Am Montagnachmittag bekamen wir eine sehr abwechslungsreiche Führung durch Glasgow und hatten anschließend Zeit, uns auf eigene Faust in Glasgow umzusehen. An den beiden folgenden Tagen hatten wir keine musikalischen Verpflichtungen: Unser Bus brachte uns weiter nach Norden in die Highlands. Unterwegs besichtigten wir die Glengoyne Distillery und bekamen einen Einblick in die Whiskyproduktion, wir machten einen Stopp am Loch Lomond und besuchten Kilchum Castle im strömenden Regen. Am Mittwoch stand der Besuch des Küstenstädtchens Oban auf dem Programm. Unterwegs wurden wir nicht nur auf das Wunder der Falls of Lora aufmerksam gemacht: hier ändert sich zweimal täglich die Fließrichtung des Stromes, abhängig von den Gezeiten -, sondern besuchten auch Dunstaffnage Castle. In Oban lernten wir eine weitere Whisky Distille kennen, außerdem wurden wir von einem Spross der Familie durch Dunollie Castle geführt, das uns mit einem phantastischen Ausblick auf das Meer und die vorgelagerten Inseln überraschte.

Am Donnerstag kehrten wir in den Südosten Schottlands nach Roslin zurück, wo wir viel Zeit zur Besichtigung der Rosslyn Chapel hatten, in der einige Szenen aus Dan Browns Da Vinci Code verfilmt wurden. Abends gaben wir gemeinsam mit dem Edinburgh Mandolin & Guitar Orchestra das letzte Konzert der Reise in der . Musikalisch war dies sicher der Höhepunkt der Reise. Wir spielten wieder vor einem wunderbaren Publikum, was das Orchester in nahezu euphorische Stimmung versetzte und dem Orchester ermöglichte, sich weiter zu steigern.

Alles in allem war es eine sehr gelungene Reise.
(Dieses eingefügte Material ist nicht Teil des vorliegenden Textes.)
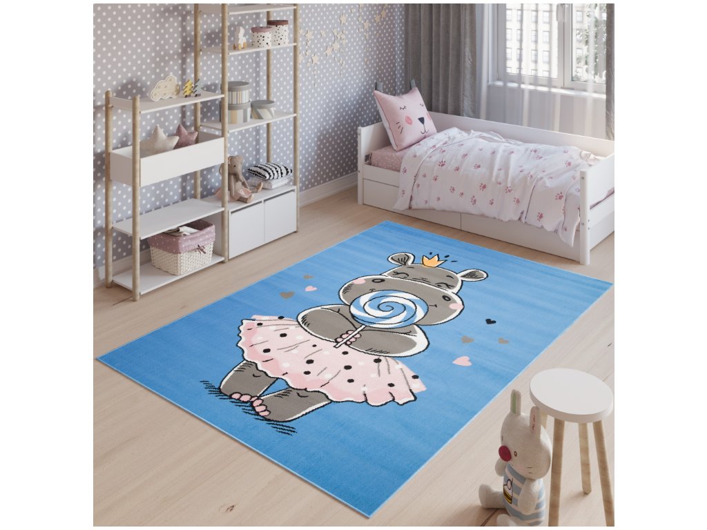 Dětský koberec Jolly Kids - hrošík 1 - modrý

Wir durften unsere schottischen Gastgeber als außerordentlich gastfreundlich erleben (in jeder Konzertpause gab es Kuchen und Tee, im Anschluss Berge von Sandwiches), die Schotten überhaupt als sehr freundlich. Für viele war es sicher auch eine höchst angenehme Überraschung, dass man in Schottland sehr gut essen kann, halten sich doch hartnäckige Gerüchte, was die Esskultur des Inselvolkes angeht.
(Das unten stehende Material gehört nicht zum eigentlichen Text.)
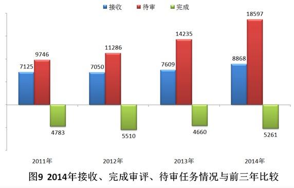 2014年,藥審中心共完成5261個(gè)注冊(cè)申請(qǐng)的技術(shù)審評(píng),比2013年的審評(píng)完成量增加了12.9%,但接收任務(wù)量較2013年增加了16.5%,待審任務(wù)積壓量進(jìn)一步增加。2014年接收、完成審評(píng)、待審任務(wù)情況與前三年比較見圖9。

Ganz großer Dank gebührt allen, die diese Reise organisiert und vorbereitet haben. Da sind zunächst Andrew Forrest aus Yorck, Barbara Pommerenke-Steel und Andrew Burnside vom EMGO zu nennen. Unser großer Dank gilt Gerhard Wetzel und Christopher Grafschmidt für die intensive, arbeitsreiche Vorbereitung. Er gilt dem Goetheinstitut München und Glasgow für die finanzielle Unterstützung. Christian Wernicke hat das Orchester wie immer souverän und einfühlsam geleitet. Schließlich sollen auch unsere Busfahrer Jürgen Trischan und Fadil Osmani nicht unerwähnt bleiben, die uns sicher durch halb Europa gefahren haben, die immer entspannt und gelassen waren, egal wie eng und kurvig die Sträßchen wurden, und im Notfall auch einige Straßenbauhütchen beiseite geräumt haben.